Birçok alanda hızlı gelişmelerin yaşandığı ve bu gelişime ters orantılı olarak karmaşanın, düzensizliğin ve adaletsizliğin arttığı dünyamızda, artık ikinci şanslar veya yeni fırsatlar elde etmek, bir hayalden öteye geçemiyor. Bir işi başarmanız gerekiyorsa, bunu size verilen süre zarfında gerçekleştirmeniz gerekiyor. Başarısız olduğunuzda hiç kimse gözünüzün yaşına bakmıyor.
Ülkemiz siyasi hayatında ise, bu çark tamamen ters işliyor. İktidar veya muhalefet olarak meclise giren partiler, seçim atmosferine girildiğinde yeniden iktidar olmak, oy alabilmek, mecliste sandalye sahibi olmak için başarısızlıklarına bin bir türlü kılıflar uydurarak, halkın karşısına çıkıyor.

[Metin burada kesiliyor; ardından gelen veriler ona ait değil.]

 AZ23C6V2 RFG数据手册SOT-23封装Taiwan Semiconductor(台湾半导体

Boyanıyor, süsleniyor, ben değiştim diyor, şunlar ve bunlar yüzünden istediklerimi yapamadım diye ağlıyor, bize yeni bir şans verin bu işleri başaracağız söylemleri ardı ardına sıralanıyor. Oysa değişen hiçbir şey yok. Takım ve oyuncular aynı. Tekrar oyuna dahil edildiklerinde de ortaya koyacakları performans da aynı. Türkiyenin siyasi tarihine şöyle bir göz gezdirdiğinizde, böyle görüntülere sıklıkla rastlamanız mümkün oluyor.

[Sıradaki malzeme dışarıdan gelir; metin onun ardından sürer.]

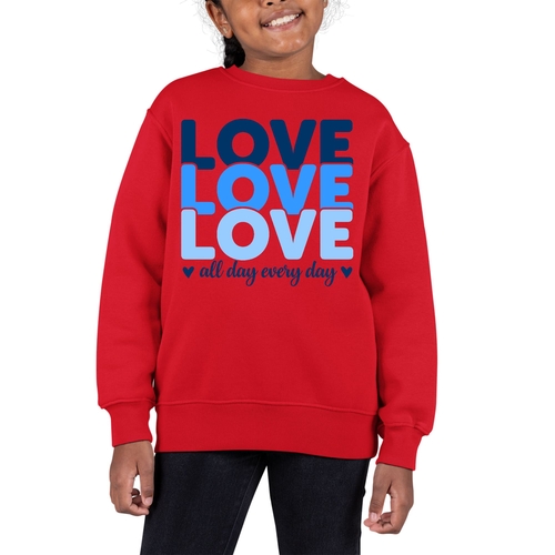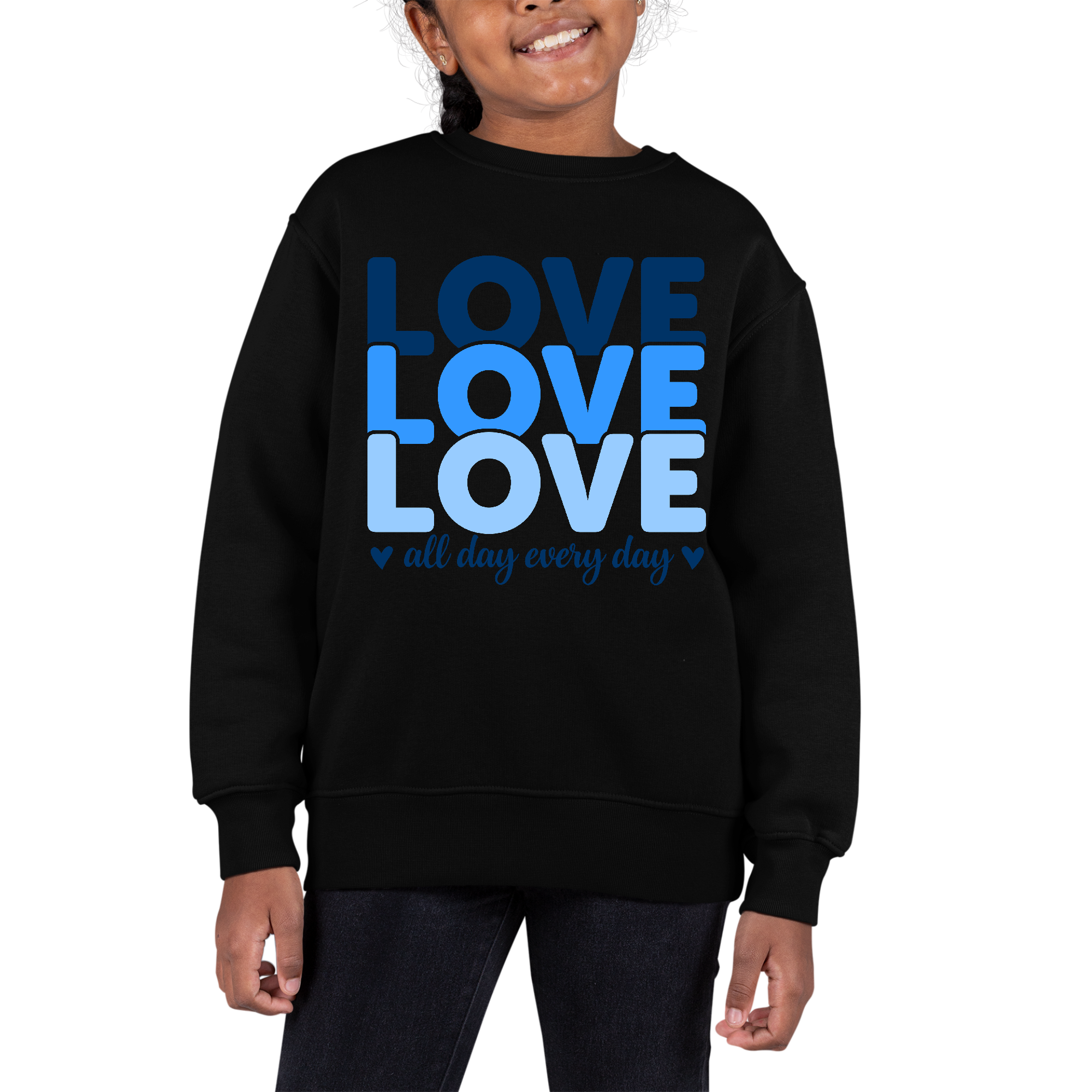 In summary, the Youth Graphic Sweatshirt featuring the Love All Day Every Day Blue Print is a must-have for any young fashionista. Its combination of comfort, durability, and style makes it an essential addition to their wardrobe. Shop now to give your child a sweatshirt they will love to wear every day!

Aslında işin özü hiç değişmiyor. Tek amaç, tekrar tekrar aynı koltuğa oturmak. Bir düşünün, mavi formalı bir atlet
Geçmişte siyasi arenada, iktidar, iktidar ortağı ve muhalefet olan partilerin bugün ki durumu da aynı. Programları aynı, milletin sorunlarını çözecek plan veya projeye yine sahip değiller. Sadece formalarını değiştirdiler ve bizi yeniden seçin diyorlar. Sizce de bu biraz saflık olmaz mı?
Sen mevcut halinle bu işi başaramadın, başarmak bir yana sorunları daha da katmerleştirdin. Şimdi diyorsun ki biz bu işi başarırız. Peki neyle? Programın yok, projen yok. Neyle bu milletin sorunlarının altından kalkacaksın? Bu soruları hep cevapsız bırakıyorsun ve buna rağmen hangi yüzle tekrar iş başına gelmek istiyorsun?
Ekonomik nedenlerle işten çıkarılan işçilerin, üniversite okuyup iş bulmayan gençlerin, daha bıyığı terlemeden toprağa düşen ana kuzularının bir ikinci şansı olmadı. Peki bu siyasiler hangi hakla böyle bir şans istiyorlar?